- **Collected data**:
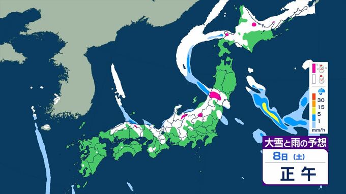 【大雪情報】8日頃にかけ北日本~西日本で大雪や暴風雪、高波に警戒 普段雪の少ない太平洋側でも内陸を中心に大雪となり、平地でも積雪となる所がある見込み【大雪と雨のシミュレーション】 2025年2月5日(水) 11:30 国内 天気
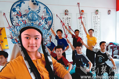 經(jīng)過3年的精心編排,武漢市黃陂區(qū)楚劇團昨日將新編大型楚劇《少年花木蘭》搬上舞臺。該劇反映少年花木蘭立志報國、熱愛家鄉(xiāng)的情懷,將成為青少年教育的生動教材。這是排練時的情景。
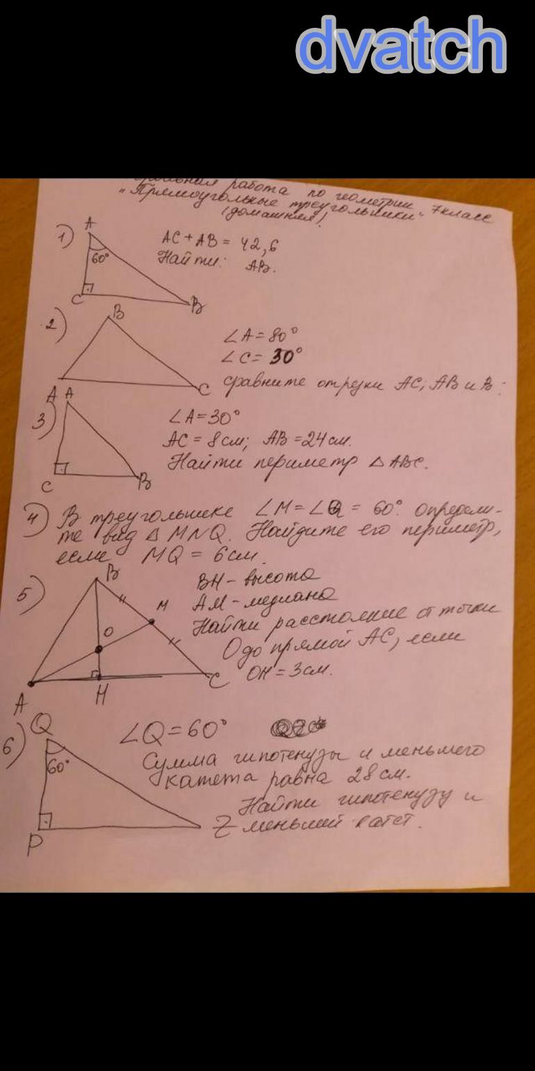 6) Z (или что это за буква там зачёркнута) = 90°-60°=30° следовательно QP - меньший катет
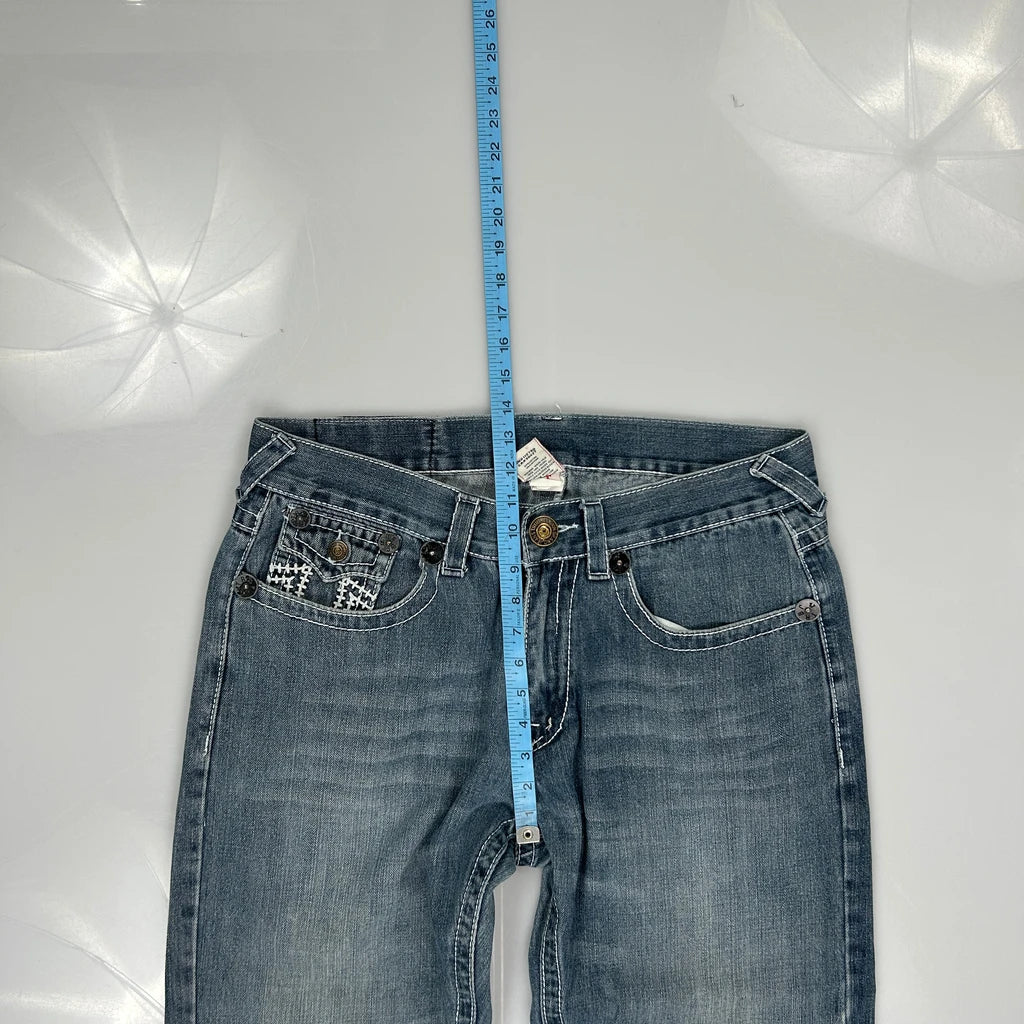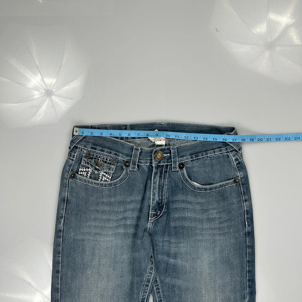 Made In Usa, Classic True Religion Jeans With Contrast Stitching.

- **What is needed**: Only the lines from the start of the material to the line with "經(jīng)過3年的精心編", inclusive, belong in the answer, printed exactly and free of pictures.

- **Result for this exercise**:
 【大雪情報】8日頃にかけ北日本~西日本で大雪や暴風雪、高波に警戒 普段雪の少ない太平洋側でも内陸を中心に大雪となり、平地でも積雪となる所がある見込み【大雪と雨のシミュレーション】 2025年2月5日(水) 11:30 国内 天気
 經(jīng)過3年的精心編排,武漢市黃陂區(qū)楚劇團昨日將新編大型楚劇《少年花木蘭》搬上舞臺。該劇反映少年花木蘭立志報國、熱愛家鄉(xiāng)的情懷,將成為青少年教育的生動教材。這是排練時的情景。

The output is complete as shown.